WHAT YOU SHOULD DO
Take the lines in the listing below from the line with "I slutet av" up to and including the line with "The Dallas chapter" and set them down exactly, skipping pictures and adding nothing.

STORED DATA
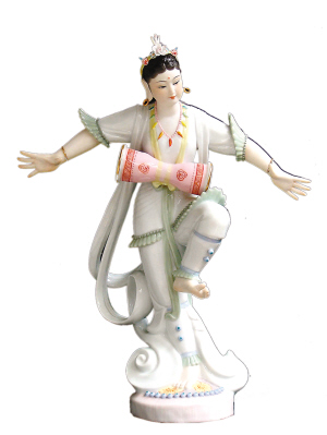 在大師看來,人物瓷塑應(yīng)該以塑為主,少施彩繪。在創(chuàng)作技法上,大師融合了敦煌石窟和西安洛陽等古都雕塑壁畫的技法,另外還從潮州本地特色工藝美術(shù)如潮繡、木雕、泥塑等廣泛吸收營養(yǎng)。在潮州大吳村的大吳泥塑,同樣也是中國四大泥塑之一。陳鐘鳴跟泥塑藝人學(xué)習(xí)了泥塑中的捏、印、貼等技法,并用在瓷塑作品中,也取得了藝界的贊譽(yù)。
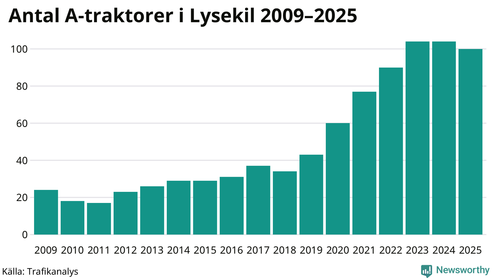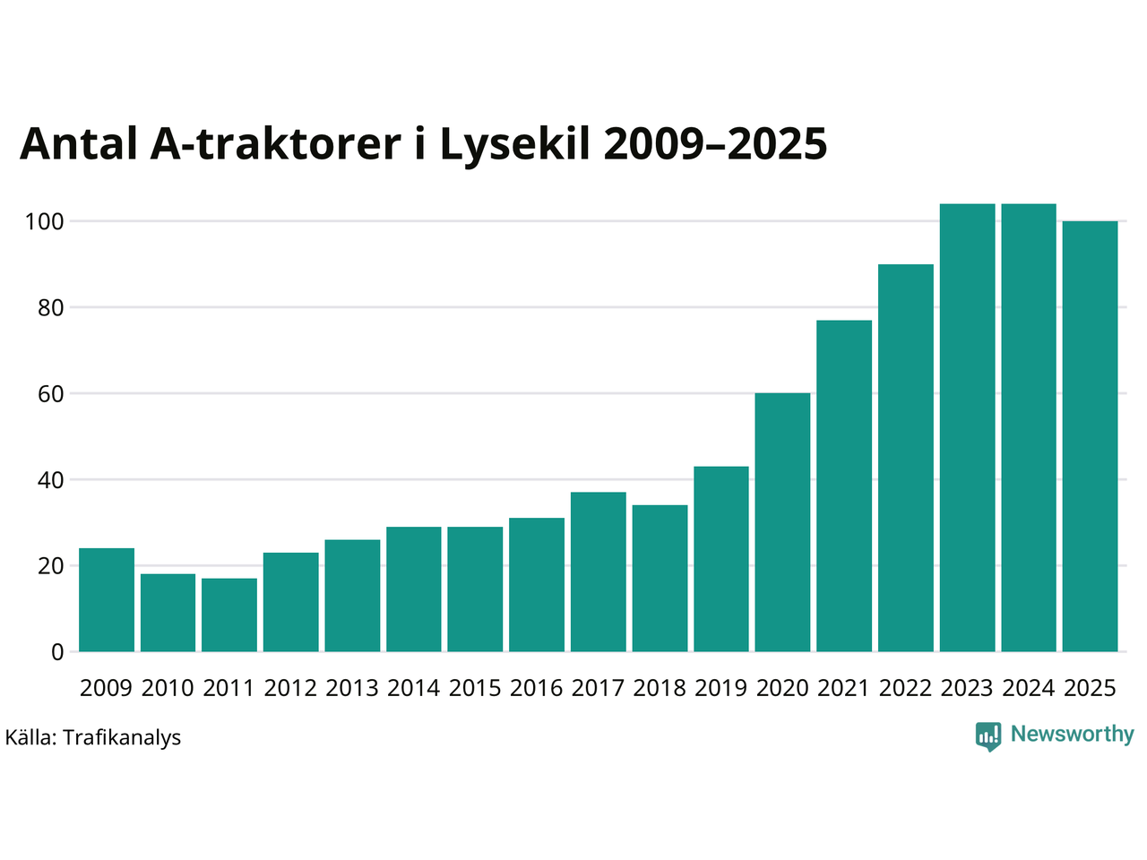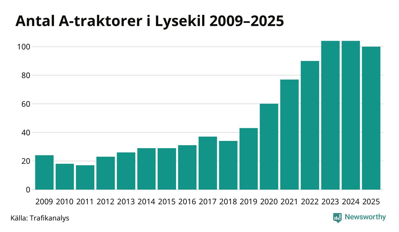 I slutet av 2025 fanns 100 A-traktorer registrerade i Lysekils kommun, vilket är fyra mindre än året innan. Det visar nya siffror från Trafikanalys.
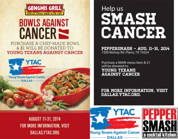 The Dallas chapter of Young Texans Against Cancer (YTAC) and restaurants Genghis Grill and Pepper Smash are partnering to help raise money for the fight against cancer now through August 31.
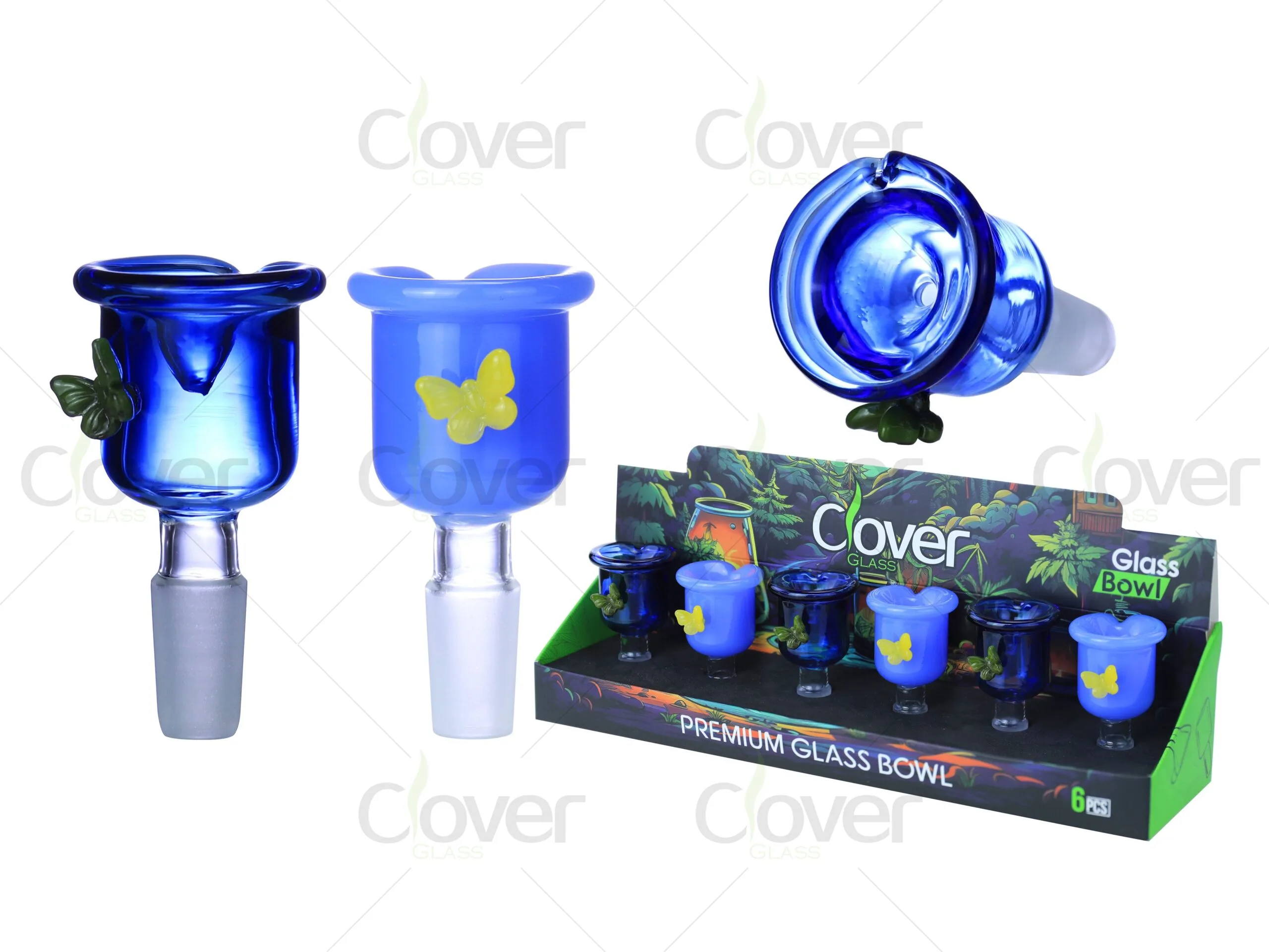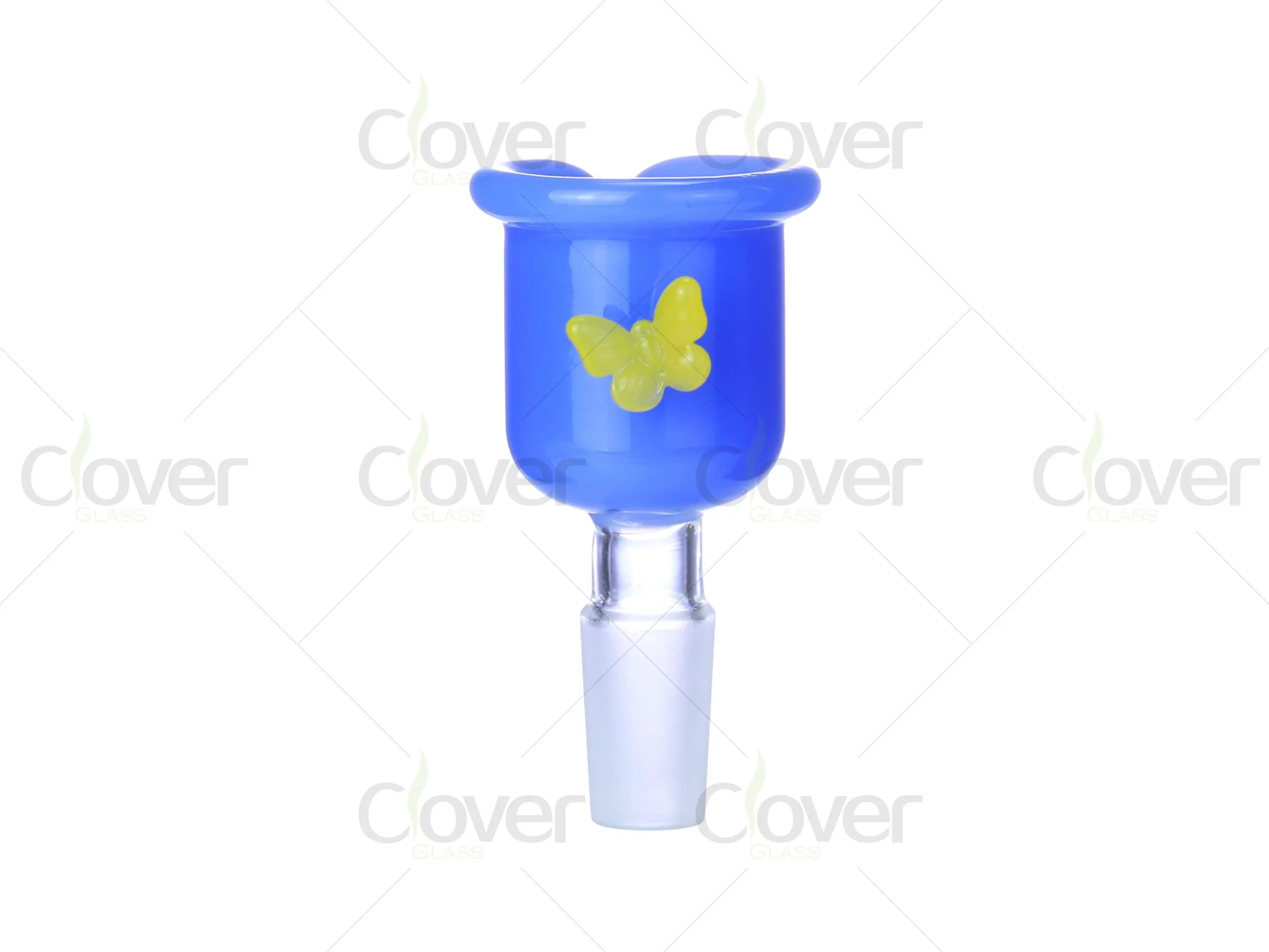 Bring a touch of elegance to your smoking accessories collection with our Butterfly-Decorated Glass Bowl. Featuring delicate butterfly embellishments and vibrant colors like deep blue and soft yellow, this bowl combines aesthetics with functionality. Made from high-quality borosilicate glass, it is designed to withstand high heat while offering long-lasting durability. The universal 14mm and 18mm joint sizes make it compatible with most water pipes and bongs. Each retail-ready display box contains 6 beautifully crafted bowls, making it a great option for wholesalers and retailers looking to offer unique and elegant smoking products.

RESULT FOR THIS TASK
 I slutet av 2025 fanns 100 A-traktorer registrerade i Lysekils kommun, vilket är fyra mindre än året innan. Det visar nya siffror från Trafikanalys.
 The Dallas chapter of Young Texans Against Cancer (YTAC) and restaurants Genghis Grill and Pepper Smash are partnering to help raise money for the fight against cancer now through August 31.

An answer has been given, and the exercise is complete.